At the end of the exhibition, set neatly apart from the sculpture, in a private room, as if to acknowledge the materials’ threat to reception, stood a biography room. Here again, the drama centres on Hesse’s development, documented through a collection of diaries, notebooks and ephemera, and two wonderful short films of the artist at work. Two things are striking: first, that Hesse studied with Josef Albers, of Bauhaus and Black Mountain College fame. The name offers a tantalizing genealogy, with the notions of chance and play, and other registers of everyday life that are so central to Hesse’s practice, equally vibrant in each school. Second, her grip on temporality as a formal concern—in the deterioration of the materials, in the attention to process—is underscored in meticulous scrapbooks assembled first by her father, then later herself, which track the past elegantly and appear as obsessive feats of collection.

Eva Hesse, no title, 1960, black, brown, and coloured ink, 13 ½ x 11”. Collection of Tony and Gail Ganz, Los Angeles. 40555p001t116.
Downtown, at the Drawing Centre, a second exhibition displayed 150 works demonstrating Hesse’s extraordinary facility at drawing and her relentless inquiry into the nature of her own practice. Curators Sussman, Catherine de Zegher and Sondra Gilman organized works on paper primarily in three groupings: the early, colourful, comic-book-style collages, ink washes and gouaches made between 1960 and 1964, that appear as flattened, miniature display cases crammed with unusual shapes and objects; the drawings made in Germany, between 1964 and 1965, that fuse strange machinery with biomorphic forms; and the latter “grid” and “circle” drawings. Here, the abundance of work is as astounding as the wild energy, the volume of shapes and the clarity of line on view. More than this, notes and drawings made alongside the later sculpture demonstrate the artist’s tenacity with respect to formal concerns. For instance, research into the formal properties and chemical makeup of her materials may ultimately temper our understanding of her use of chance. Elsewhere, personal notes from a journal attest to her ambition and sense of art as a problematic; she draws, in 1965, under the headline “Problems in Art,” a triangle whose corners read “process,” “materiality” and “content.” Underneath, she writes, “don’t pressure yourself about this, it will come when life style opens, it must, it will, one must follow through….”

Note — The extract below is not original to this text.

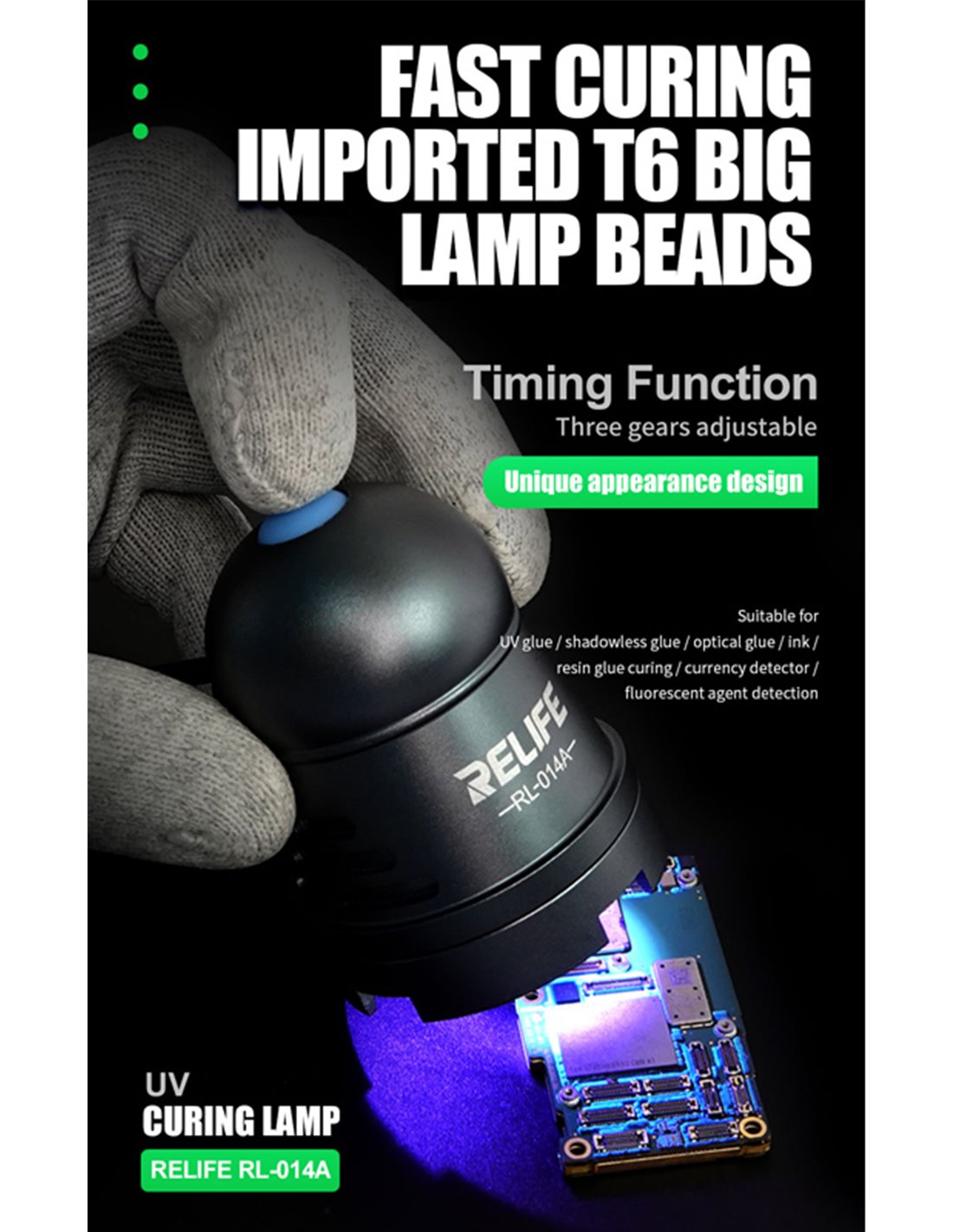 Λάμπα UV από την Relife, κατάλληλη για το στέγνωμα κόλλας UV. Διαθέτει 3 επίπεδα φωτεινότητας και timing λειτουργία. Η τροφοδοσία του γίνεται μέσω καλωδίου USB το οποίο είναι ενσωματωμένο πάνω στην λάμπα.

In the end, Hesse’s compelling narrative and determination to create, against all odds, are overshadowed by the deep strangeness of the work itself: work that transforms the ordinary, ignites the everyday. The result is nothing short of thrilling. ■
“Eva Hesse: Sculpture” was exhibited at the Jewish Museum in New York from May 12 to September 17, 2006. “Eva Hesse: Drawings” was exhibited at the Drawing Centre in New York from May 16 to July 15, 2006.
MJ Thompson is a writer living in Brooklyn and Montreal.